Por ejemplo, las organizaciones deben considerar a los agentes de IA y a los humanos como una fuerza laboral combinada que interactúa con el software y la infraestructura, afirma Javvad Malik, asesor principal de CISO en KnowBe4. «Para ello, necesitamos una rendición de cuentas clara, garantías para los proveedores y una supervisión que integre los datos, los humanos y la IA para fomentar la confianza y la resiliencia».
Marcos como el del Centro Nacional de Seguridad Cibernética Marco de evaluación cibernética, ISO 27001, y NIST Marco de ciberseguridad Proporcionan herramientas prácticas para integrar controles, políticas y métricas de riesgo, afirma Sommer, del Grupo NCC. «Esto ayuda a las organizaciones a generar confianza, demostrar cumplimiento normativo y gestionar el ciberriesgo de forma coherente y justificable».
Curran, de la Universidad del Ulster, recomienda establecer “equipos multifuncionales” compuestos por expertos en ciberseguridad, privacidad e inteligencia artificial para colaborar en las evaluaciones de riesgos, garantizando que las amenazas se evalúen a través de “una lente multifacética”.
Resilientes, confiables y preparados para el futuro
Las organizaciones de atención médica y los proveedores de los que dependen deben trabajar para desarrollar prácticas de gestión de riesgos más resilientes, confiables y preparadas para el futuro.
Para obtener resultados, las organizaciones necesitan adoptar un enfoque unificado de gestión de riesgos, afirma Ivan Milenkovic, vicepresidente de tecnología de riesgos para EMEA en Qualys. «En lugar de reinventar la rueda, los mejores equipos integran en un solo motor los estándares internacionales establecidos de seguridad, privacidad y la vanguardia emergente de la gestión de la IA».

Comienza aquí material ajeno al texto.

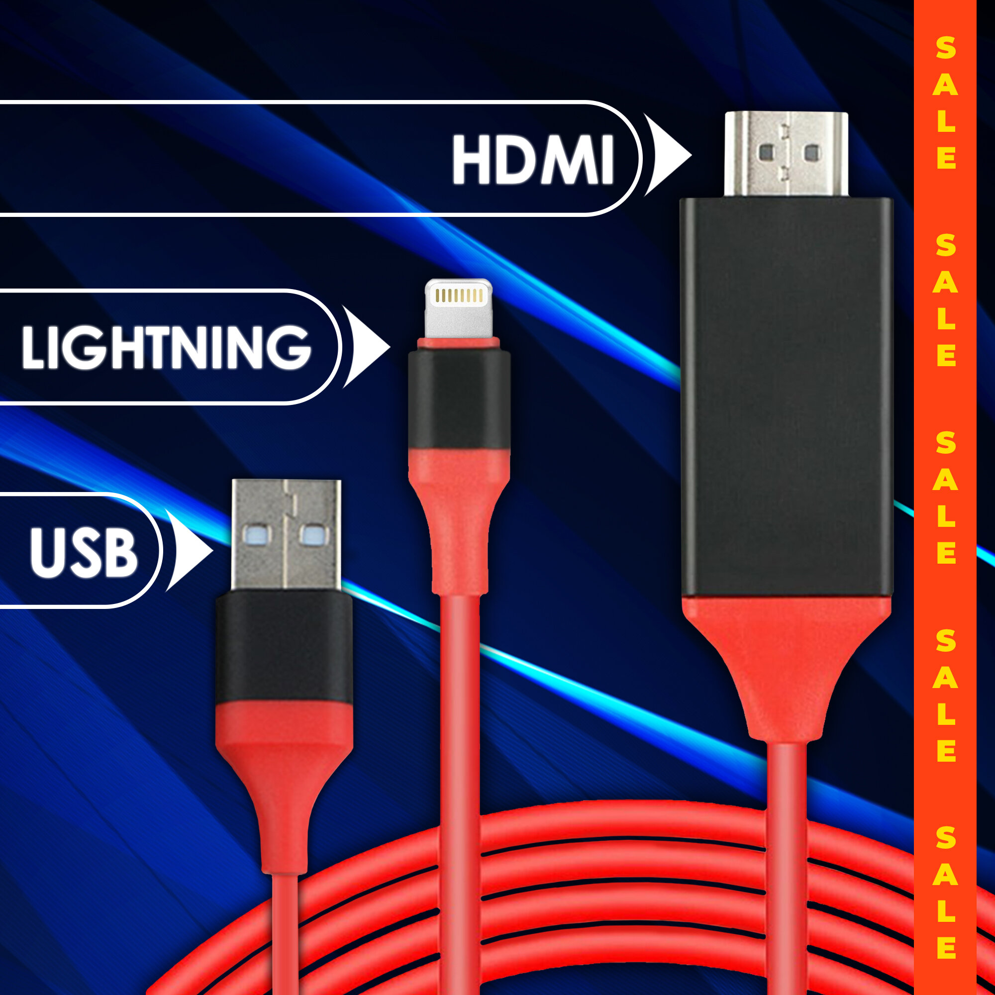 Купить Hdmi кабель-переходник для iphone Lightning с питанием через USB, 2 м, удлинитель для айфона, провод переходник, красный

Para ello es fundamental incorporar la gestión de riesgos en la cultura organizacional a través de políticas unificadas que exijan “auditorías regulares e integradas”, aconseja Curran, de la Universidad del Ulster.
Mientras tanto, implemente un modelo de responsabilidad compartida con sus proveedores, recomienda Sorrels de Claroty. "No trate los contratos con proveedores como algo que se establece y se olvida. Exija transparencia continua, pruebas de seguridad y que demuestren que cumplen con los estándares básicos".